Pappas is the reigning world champion. He is on the cover of the USA Track & Field media guide, holding the American flag above his broad shoulders after his victory last year in Paris. Clay burst onto the scene by beating Pappas at the U.S. trials, and feels he's barely hinted at his potential.
Pappas left his usual Tennessee training grounds and sought some outside help after his flat performance at the trials, where his score of 8,517 was 267 off his personal best of 8,784 set at the U.S. championships last year. He sought help from Kip Janvrin, a former top decathlete who now is track and field coach at Central Missouri State.
Pappas looked happy and at ease when he arrived at the U.S. pre-Olympic training camp after participating in Friday night's opening ceremony in Athens.

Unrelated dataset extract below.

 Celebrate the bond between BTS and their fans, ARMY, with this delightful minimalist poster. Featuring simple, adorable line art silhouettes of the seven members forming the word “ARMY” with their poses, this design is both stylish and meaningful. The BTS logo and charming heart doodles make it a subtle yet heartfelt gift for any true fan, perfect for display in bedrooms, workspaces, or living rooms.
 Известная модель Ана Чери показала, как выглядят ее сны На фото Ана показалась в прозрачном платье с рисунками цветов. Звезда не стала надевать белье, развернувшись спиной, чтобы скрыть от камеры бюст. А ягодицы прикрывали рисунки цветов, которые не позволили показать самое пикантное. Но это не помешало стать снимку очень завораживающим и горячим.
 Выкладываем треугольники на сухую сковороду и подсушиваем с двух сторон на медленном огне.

"I know I'm capable of scoring a lot of points," he said. `"The hard part for me in getting over the trials is I felt I was ready for a personal best, and to only score 85 (hundred), it was `What happened? What went wrong?' I know I'm in good shape. I guess every now and then you're going to have an off meet."
Pappas said he's healthy other than a sore right wrist that has bothered him the last couple of months.

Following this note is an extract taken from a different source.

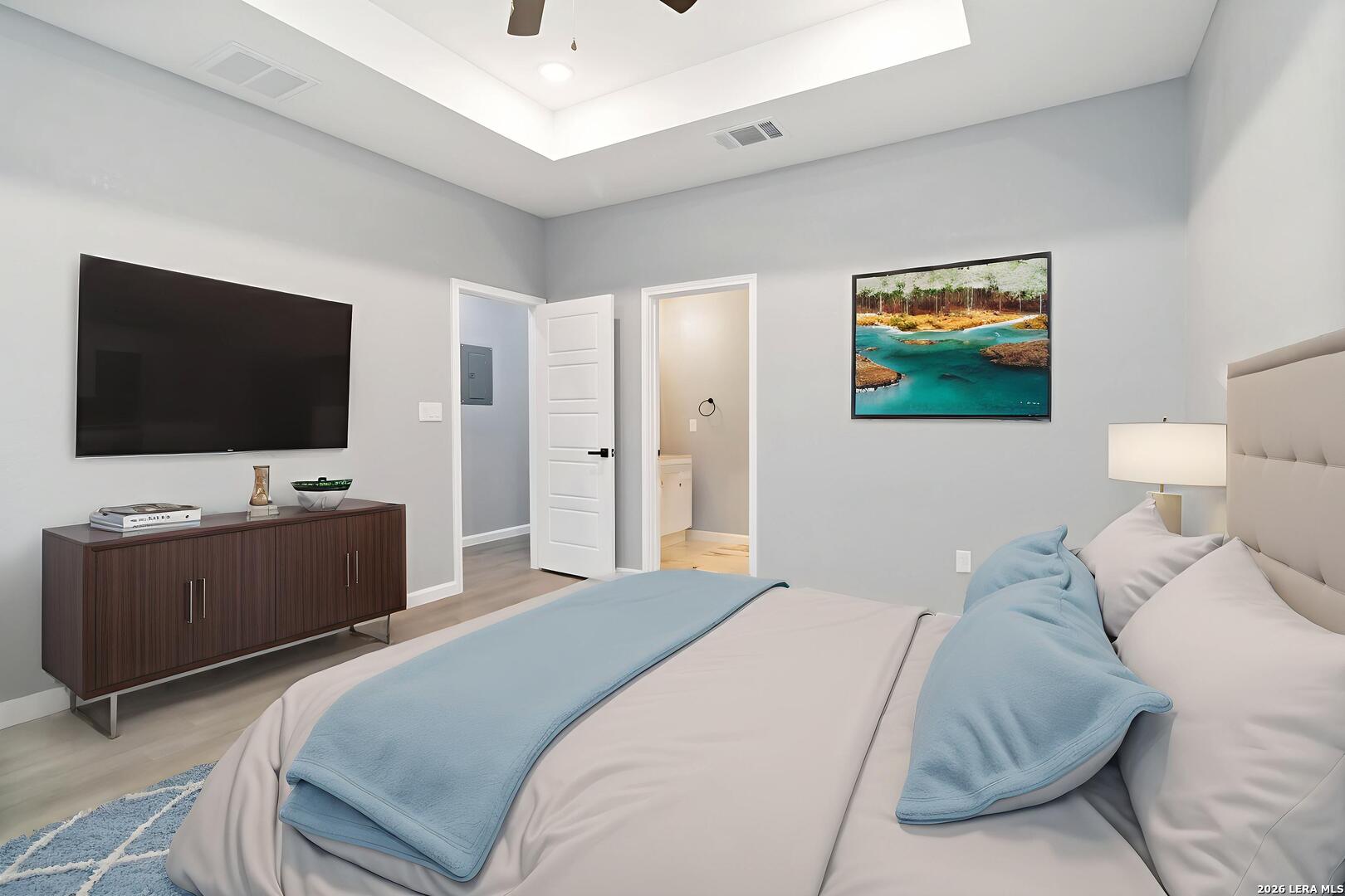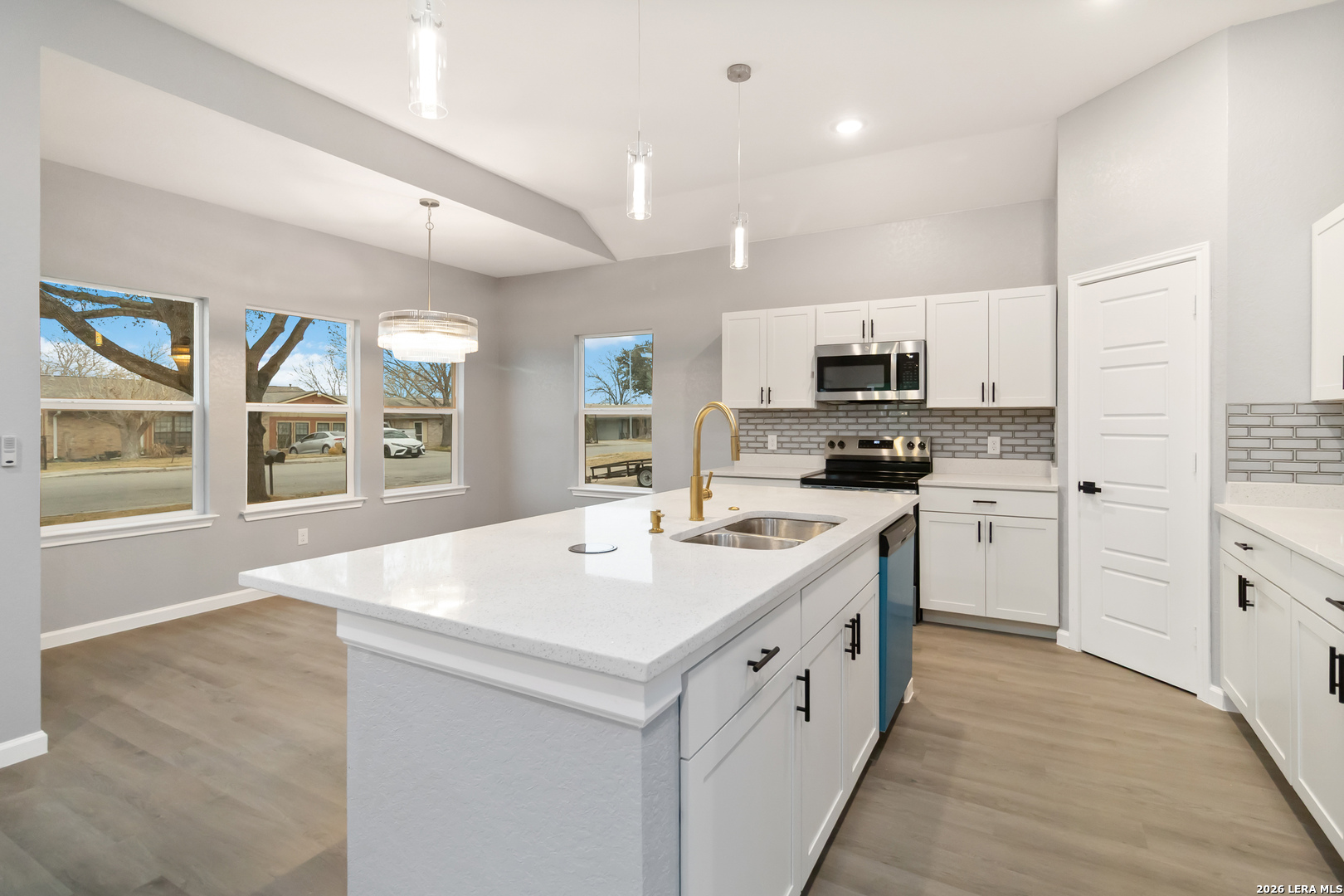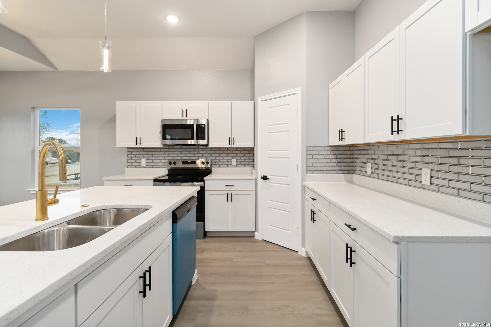 Welcome to this thoughtfully designed new construction home where high ceilings and spacious interiors create an inviting, upscale atmosphere. The open-concept floorplan seamlessly connects the living, dining, and kitchen areas, highlighted by a dramatic fireplace feature wall that adds both warmth and architectural interest. The kitchen is a true centerpiece, offering sleek countertops, modern cabinetry, contemporary lighting, and an oversized island perfect for hosting. Relax in large bedrooms featuring ample closet space, and enjoy beautifully finished bathrooms with high-end tile, modern fixtures, and a spa-inspired walk-in shower. With a functional laundry area and refined finishes throughout, this home perfectly balances style, space, and everyday practicality.

"The only time it bothers me is in the shot put," he said Sunday."We actually threw this morning and I threw pretty well. It's probably the best it felt in a long time. Even though it felt pretty good, I'll probably get a cortisone shot in a couple of days."

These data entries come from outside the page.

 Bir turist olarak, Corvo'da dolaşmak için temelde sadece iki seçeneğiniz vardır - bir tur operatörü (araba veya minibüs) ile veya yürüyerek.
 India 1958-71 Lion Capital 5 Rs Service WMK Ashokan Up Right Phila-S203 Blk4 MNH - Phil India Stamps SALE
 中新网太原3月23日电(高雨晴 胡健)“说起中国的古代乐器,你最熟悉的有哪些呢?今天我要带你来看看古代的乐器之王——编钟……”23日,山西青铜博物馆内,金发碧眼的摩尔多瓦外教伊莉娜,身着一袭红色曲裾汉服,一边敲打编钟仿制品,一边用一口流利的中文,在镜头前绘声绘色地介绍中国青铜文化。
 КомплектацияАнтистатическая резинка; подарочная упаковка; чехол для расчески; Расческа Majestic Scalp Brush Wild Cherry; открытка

Pappas already is something of a hero in Greece because of his Greek heritage, even though he had never set foot in the country before last week. He has an endorsement deal with a Greek bank that paid for his family coming to the games.
Pappas figures it's a four-man battle for the gold. At the top of the list is Roman Sebrle of the Czech Republic, the world record-holder who Pappas dethroned as world champion last year. Sebrle beat Pappas at the annual elite meet in Goetzis, Austria, this year. Pappas said Erki Nool of Estonia, the 2000 Olympic gold medallist, also remains a threat.
Then there's Clay, the 24-year-old upstart from Hawaii whose 8,660 points at the U.S. trials in Sacramento ranks third on the world list this year.
"Everything's feeling really good," Clay said."I feel healthy. I feel better than I did going into the trials."
Clay's biggest concern is avoiding injury. He felt he was ready for a breakthrough at last year's world championships, then dropped out after five events because of a hamstring injury. He tweaked his hamstring again in the 100 meters, the decathlon's first event, at this year's Olympic trials, but managed to make it through the remaining nine events --two of them with personal bests.
"Once I get through the first events, I think it's just going to be money from there," he said.
Clay's confidence is soaring after his victory in Sacramento, especially knowing that there were several events he could have been better in. He knows, too, that he's an unknown to most of those who will tune in to watch next week.
"I think when it comes down to media and stuff like that, yeah, people don't pay me much attention," he said."But if you're talking to people that know the event or follow the event --or even people that know me and have followed my career --I think they'll tell you otherwise.
"They know that this is going to be a big meet for me. I think it's going to be a lot of fun."